WHAT NEEDS TO BE DONE
Which lines of the entries below run from the one holding "Nữ đoàn viên" to the one holding "1月31日14时起,在民建会", inclusive? Set down exactly those lines and no others.

BEGIN GIVEN INFORMATION

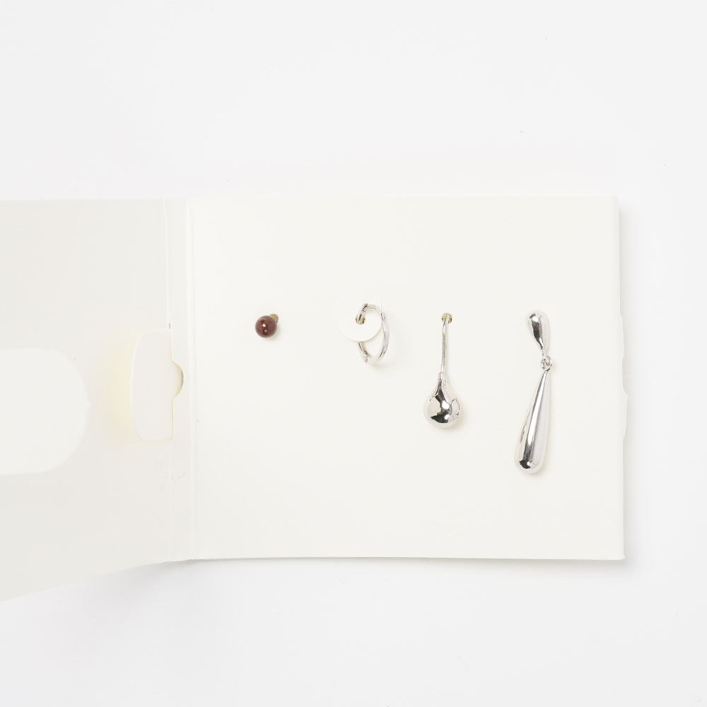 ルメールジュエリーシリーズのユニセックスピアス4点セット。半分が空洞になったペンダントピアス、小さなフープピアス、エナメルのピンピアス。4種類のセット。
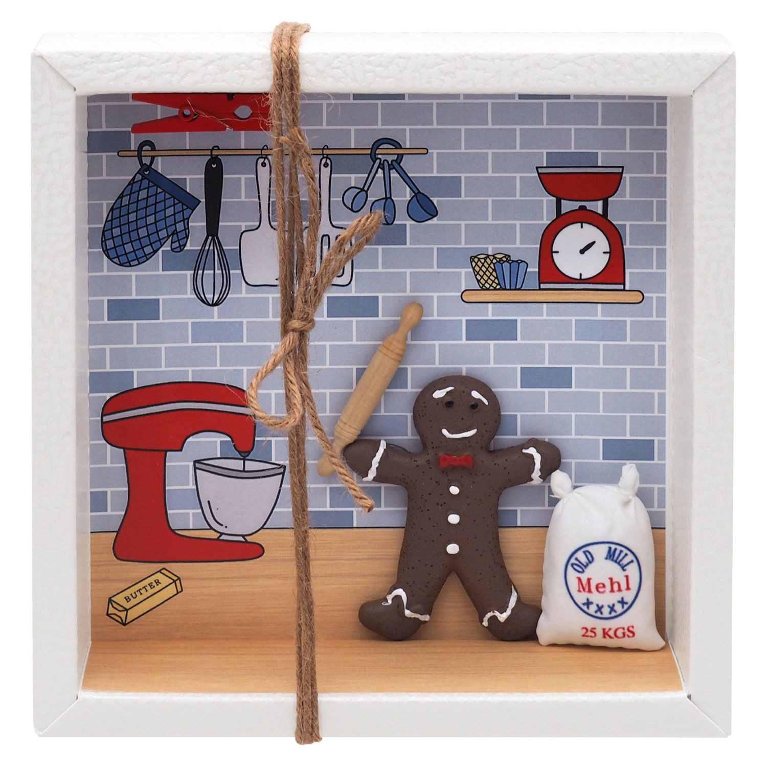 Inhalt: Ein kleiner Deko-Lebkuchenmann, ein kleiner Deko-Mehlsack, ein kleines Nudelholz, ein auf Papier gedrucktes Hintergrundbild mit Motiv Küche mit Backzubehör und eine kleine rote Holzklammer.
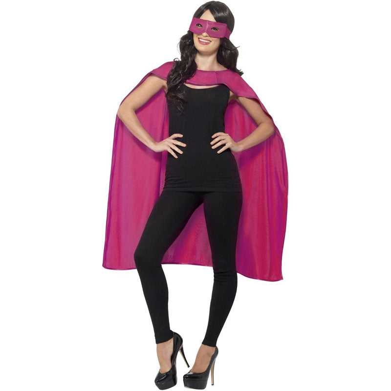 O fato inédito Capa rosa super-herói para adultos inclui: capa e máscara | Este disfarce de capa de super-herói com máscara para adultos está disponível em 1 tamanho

END GIVEN INFORMATION
BEGIN GIVEN INFORMATION

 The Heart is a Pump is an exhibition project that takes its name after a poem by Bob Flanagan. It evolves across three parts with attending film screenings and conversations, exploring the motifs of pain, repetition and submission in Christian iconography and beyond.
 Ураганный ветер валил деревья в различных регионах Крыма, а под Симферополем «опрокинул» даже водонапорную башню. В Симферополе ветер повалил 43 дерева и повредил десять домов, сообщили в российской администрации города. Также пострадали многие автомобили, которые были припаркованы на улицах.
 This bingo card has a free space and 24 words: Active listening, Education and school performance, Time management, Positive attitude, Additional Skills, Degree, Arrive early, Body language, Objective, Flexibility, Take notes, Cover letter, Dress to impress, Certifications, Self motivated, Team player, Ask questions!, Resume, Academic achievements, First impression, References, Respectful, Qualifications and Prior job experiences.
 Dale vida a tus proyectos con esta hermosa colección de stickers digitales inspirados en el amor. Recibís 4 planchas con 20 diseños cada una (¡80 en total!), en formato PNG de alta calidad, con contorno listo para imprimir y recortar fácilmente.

END GIVEN INFORMATION
BEGIN GIVEN INFORMATION

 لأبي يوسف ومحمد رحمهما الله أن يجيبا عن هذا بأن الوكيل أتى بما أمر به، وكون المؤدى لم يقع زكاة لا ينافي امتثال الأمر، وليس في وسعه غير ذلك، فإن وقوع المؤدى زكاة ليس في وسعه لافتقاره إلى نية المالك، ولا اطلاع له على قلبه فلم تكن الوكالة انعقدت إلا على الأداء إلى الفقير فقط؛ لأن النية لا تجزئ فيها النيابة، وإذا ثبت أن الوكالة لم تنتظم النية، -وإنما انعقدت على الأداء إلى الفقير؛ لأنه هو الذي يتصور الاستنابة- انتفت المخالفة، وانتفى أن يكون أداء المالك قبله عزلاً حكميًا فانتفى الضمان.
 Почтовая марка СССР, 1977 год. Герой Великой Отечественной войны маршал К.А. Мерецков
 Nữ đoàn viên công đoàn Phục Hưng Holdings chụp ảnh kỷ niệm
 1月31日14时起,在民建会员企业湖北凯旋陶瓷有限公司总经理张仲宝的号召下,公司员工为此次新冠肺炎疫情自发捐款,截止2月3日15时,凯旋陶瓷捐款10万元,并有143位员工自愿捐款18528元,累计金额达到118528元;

END GIVEN INFORMATION

SOLUTION FOR THIS EXERCISE
 Nữ đoàn viên công đoàn Phục Hưng Holdings chụp ảnh kỷ niệm
 1月31日14时起,在民建会员企业湖北凯旋陶瓷有限公司总经理张仲宝的号召下,公司员工为此次新冠肺炎疫情自发捐款,截止2月3日15时,凯旋陶瓷捐款10万元,并有143位员工自愿捐款18528元,累计金额达到118528元;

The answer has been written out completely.